The Police singles chronology
| "Message in a Bottle" (1979) | "Walking on the Moon" (1979) | "Bring On the Night" (1979) |

Alternative cover
- French 7-inch single cover

Audio sample
- file; help;

Music video
- "Walking on the Moon" on YouTube

= Walking on the Moon =

1979 single by the Police

"Walking on the Moon" is a reggae song by British rock band the Police, released as the second single from their second studio album, Reggatta de Blanc (1979). The song was written by the band's lead vocalist and bassist Sting. It went on to become the band's second hit in the UK.

==Background==
Sting has said that he wrote the song when he was drunk one night after a concert in Munich. The following morning, he remembered the song and wrote it down.

I was drunk in a hotel room in Munich, slumped on the bed with the whirling pit when this riff came into my head.

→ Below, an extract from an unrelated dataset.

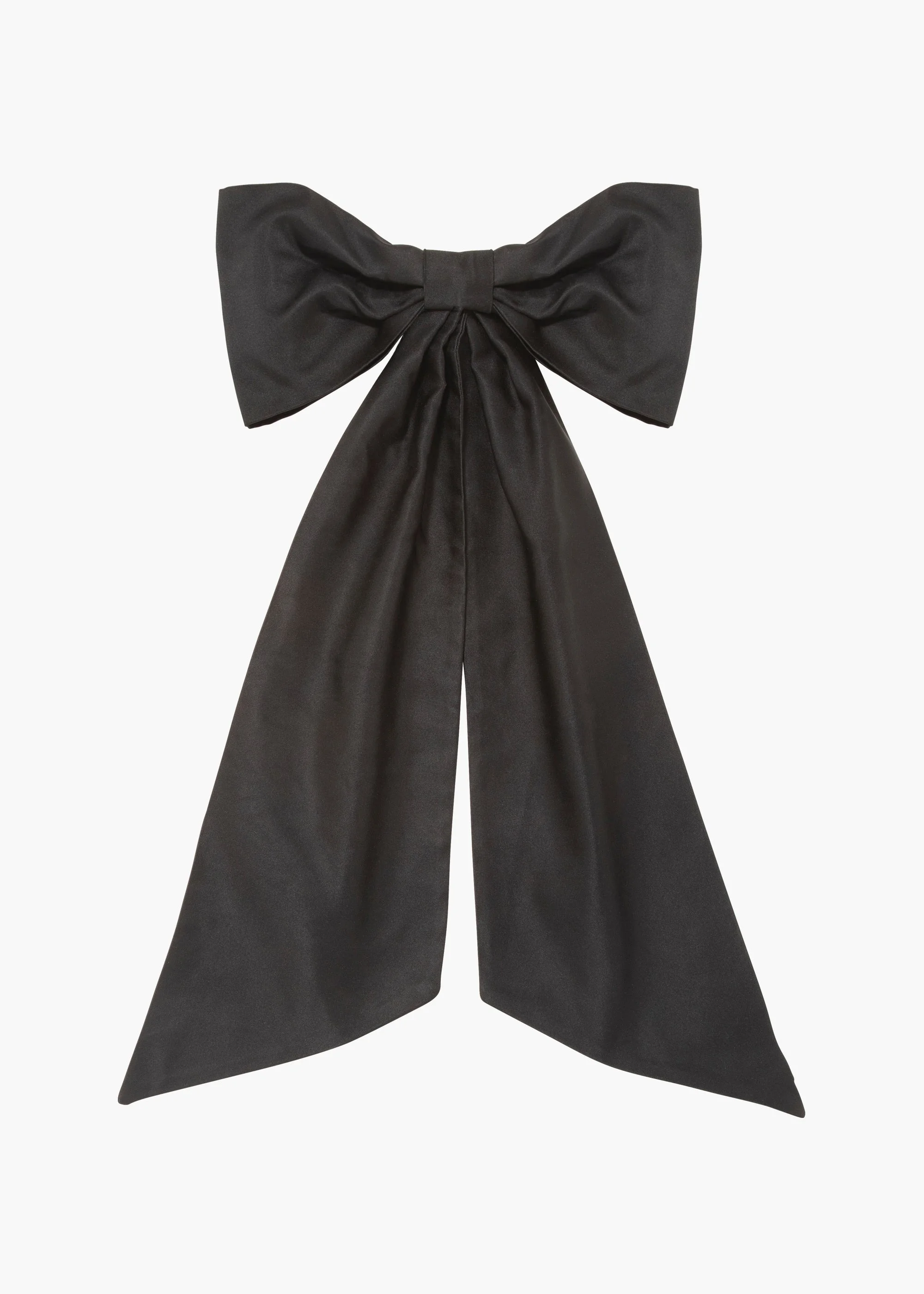 An unforgettable finishing touch, the Leander Bow Barrette dwarfs all other bows with its magnificent scale. Expertly draped and sewn by hand in our New York studio, the structure of the silk satin fabric lends itself perfectly to the oversized bow shape. An automatic French barrette closure makes for easy placement in any number of hairstyles. Material The Leander Bow Barrette is made by hand in New York of silk satin with a steel French barrette closure. We recommend treating this bow as you would a piece of jewelry, and storing in the dust bag when not in use. Avoid contact with water, perfume, and other chemicals, including hairspray, which should be used before placement in the hair.
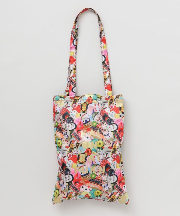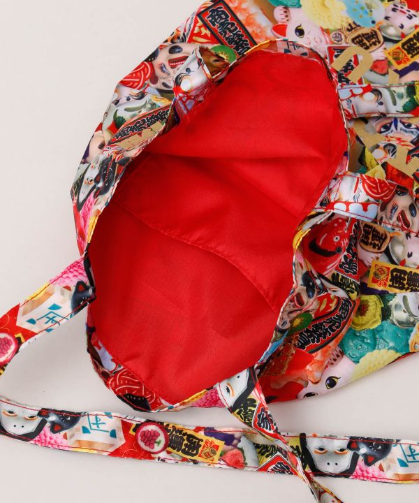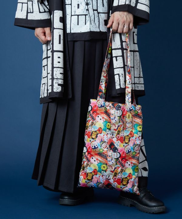日本の縁起物や祝いものを詰め込んだ、賑やかな「開運来福」トートバッグ。使い勝手の良いA3サイズ。インパクト大のデザインで、普段使いはもちろん、お土産や贈り物にもおすすめです。内ポケット1つ付き。

I got up and started walking round the room, singing 'Walking round the room, ya, ya, walking round the room'. That was all. In the cool light of morning I remembered what had happened and I wrote the riff down. But 'Walking Round the Room' was a stupid title so I thought of something even more stupid which was 'Walking on the Moon'.
— Sting, L'Historia Bandido, 1981

In his autobiography, Sting implies that the song was partially inspired by an early girlfriend:

Deborah Anderson was my first real girlfriend...walking back from Deborah's house in those early days would eventually become a song, for being in love is to be relieved of gravity.
— Sting, 2003

According to Sting, the song was originally recorded "as a rocker" in early versions, but it was reworked. The riff, which is played on the bass, was described as "weird" and "jazzy" by Sting. Guitarist Andy Summers came up with the chord "which hits after the bass notes" throughout the song.

"Walking on the Moon" was released as the follow-up single to the British single "Message in a Bottle" in late 1979. The song was the Police's second number-one hit single in the United Kingdom. It also reached in Ireland and in Australia, but did not chart in the United States.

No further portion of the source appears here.